“The Given” by Robert Sheppard (Knives Forks and Spoons Press, 40pp, ISBN: 978-1-907812-07-1 £5.00)
I recently reviewed the "Smartarse" anthology from Knives Forks and Spoons, which I thought was an example of what a good anthology should do, and one of my favourite current pamphlets is this one, "The Given" by Robert Sheppard. Like most KS&F productions, this pamphlet has a workmanlike feel to it, which seems appropriate for the contents, as we get the feeling that Sheppard has moulded his raw materials - the linguistic productions of his earlier life - into a rough-and-ready artefact. The work consists of four prose pieces, totalling forty pages.

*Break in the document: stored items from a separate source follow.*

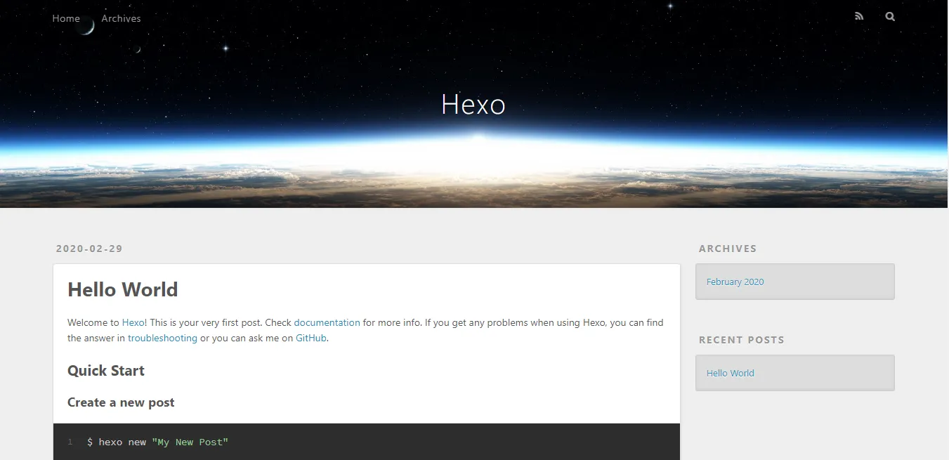 当然了,这仅仅是我们网站的初始界面,是一个默认的界面,这个网站虽然丑陋,毕竟是迈开了个人博客搭建部署的一大步,完成了网站部署之后,就需要进行我们的文章添加了,正所谓Hexo博客的安装简单,但是后期的问题也不复杂,毕竟我们有很多的插件和主题模板供我们选择。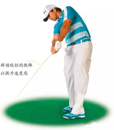 没有人可以在挥杆速度很慢的情况下将球打远。我看很多中高差点的球员,在下场前喜欢双手同时挥动两根铁杆,或者采用很重的辅助训练工具进行练习,这样还没有开始下场,挥杆速度已经变慢了很多。当世界级的短跑选手想在赛前让自己找到速度感或者爆发力,他们会采用下坡跑的方式。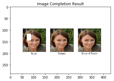 Image Completion Result 中的 Input 是挖洞后输入补全网络的图像,在 Output 看到, Input 图像上挖的洞已经被补上了,这说明现在的训练结果已经能在一定程度上补全图像的缺失部分了。由于本项目实现时在硬件及时间方面受限,因此对原文中的方法进行了简化,训练方法和数据样本处理较原论文有所调整做了调整,无法达到原论文效果,但相较于原作者两个月的训练时间对比,这样的训练方式也是可取的。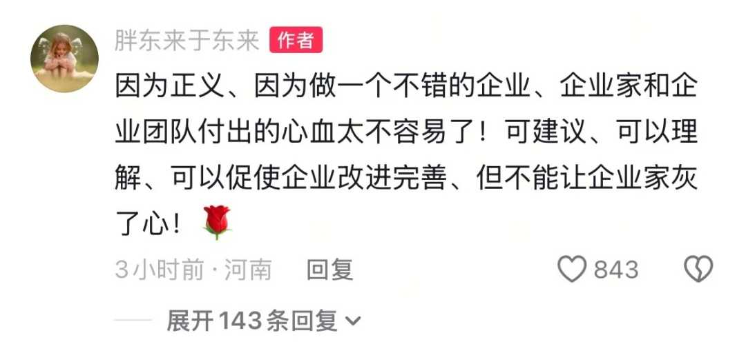 随后他回复网友自己发声理由:因为正义、因为做一个不错的企业、企业家和企业团队付出的心血太不容易了!可建议、可以理解、可以促使企业改进完善、但不能让企业家灰了心!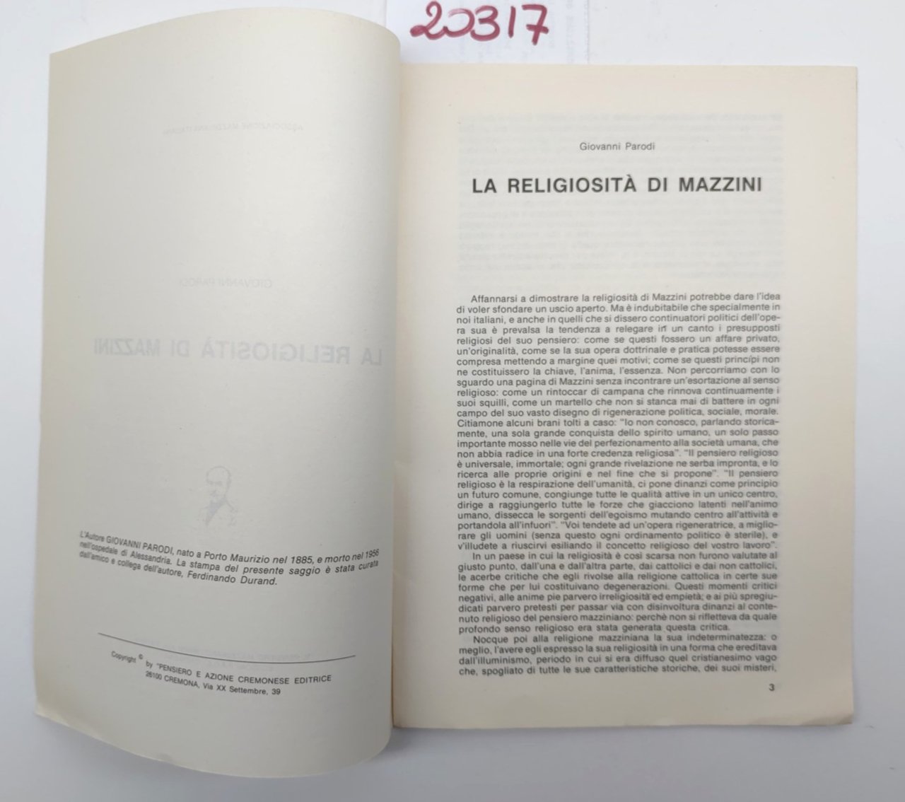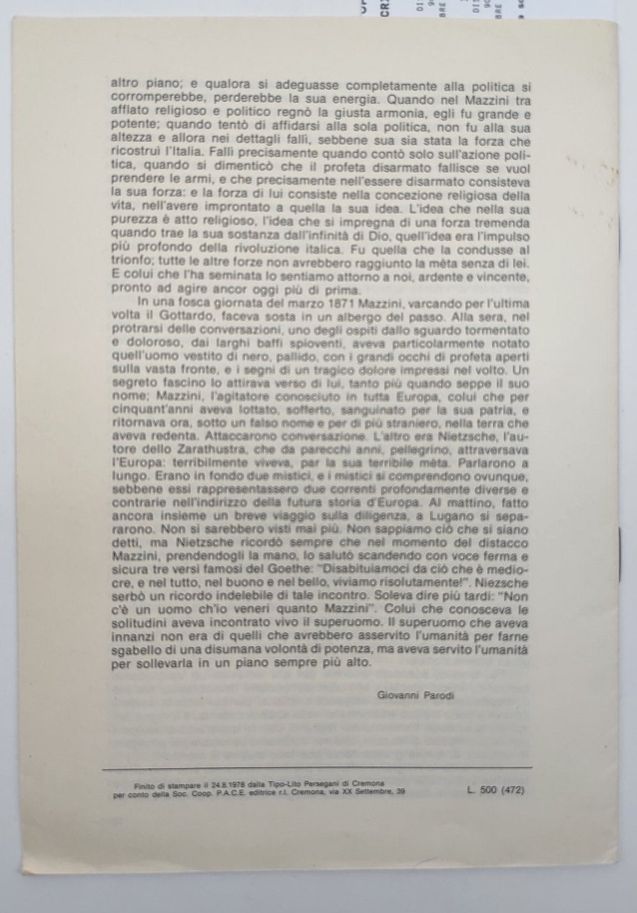opuscolo Giovanni Parodi La religiosità di Mazzini il pensiero mazziniano 1978 P.A.C.E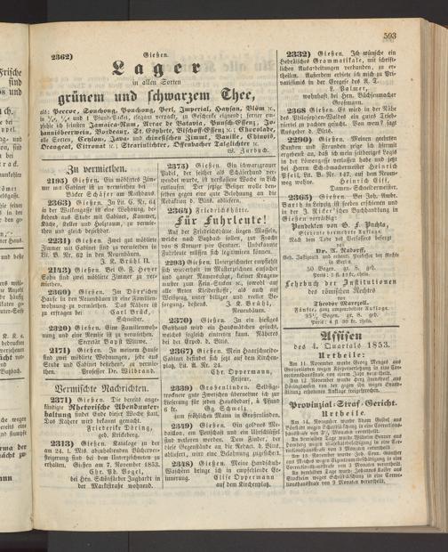 Anzeigeblatt für die Provinzialhauptstadt Gießen. 1840-1867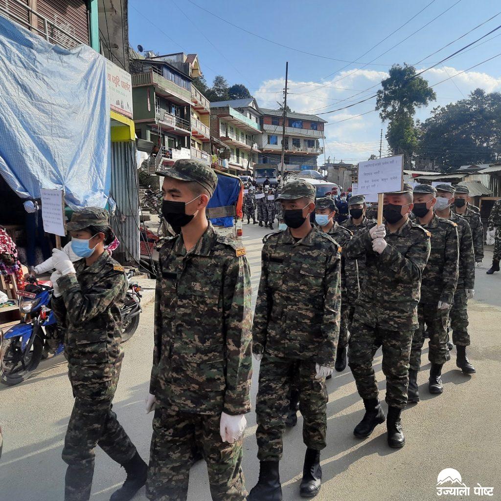 ताप्लेजुङ,मंसिर २१ । कोरोना संक्रमणको तेस्रो भेरिएन्ट ‘ओमिक्रोन’बिरुद्ध सचेतना अपनाउन आग्रह गर्दै ताप्लेजुङस्थित भीमकाली गुल्मको अगुवाइमा मंगलवार फुङ्लिङमा जनचेतनामुलक ¥याली निकालिएको छ । नेपाली सेना,नेपाल प्रहरी,शसस्त्र प्रहरी र सदरमुकामस्थित लिटलबुद्ध आवासीय माविमा तालिमरत राष्ट्रिय सेवा दल(एनसीसी)मा आबद्धहरुको सहभागितामा जनचेतनामुलक ¥याली निकालिएको हो । तोक्मेडाँडाबाट सुरु भएको ¥याली टुक्रे हुँदै माथिल्लो रोडबाट फेरी तोक्मेडाँडामा पुगेर सकिएको थियो । जनस्वास्थ्य सुरक्षाका मापदण्डको पूर्ण पालनाले मात्र संक्रमणको जोखिमबाट बच्न सकिने भएकोले त्यहिँ सन्देश प्रवाहका लागि जनचेतनामुलक ¥याली निकालिएका भीमकाली गुल्मका गुल्मपति सेनानी राजन बस्नेतले बताउनुभयो । ¥यालीमा मास्क तथा स्यानीटाइजरको अनिवार्य प्रयोग गर्न,भिडभाडमा नजान,पटक–पटक साबुन पानीले हात धुन,अत्यावश्यक काम बाहेक घर बाहिर नजान,भौतिक दुरी कायम गर्न र कोरोना बिरुद्धको खोप अनिवार्य रुपमा प्रयोग गर्न आग्रह गरिएको थियो ।

Section III ends with the following:
"Adrian Clark chalks on the board: 'MATERIALS (the given) + PROCEDURE ="
So 'the given' are the words, the blocks of language taken from old journals and notebooks. The procedure is summarised on the back cover by Scott Thurston:
"Part I attends to what writing has remembered that the writer has not ('I don't remember when I started writing poetry'); part II turns diary entries into questions ('How can he argue that feeling is structural?'); part III revisits the new sentences of Sheppard's 1985 'Letter from Blackstock Road' to process material from that period, whilst part IV alphabetises journal material written only in May, reprising Sheppard's Mayday texts and 'Report on Seaport' in his 'Twentieth Century Blues'".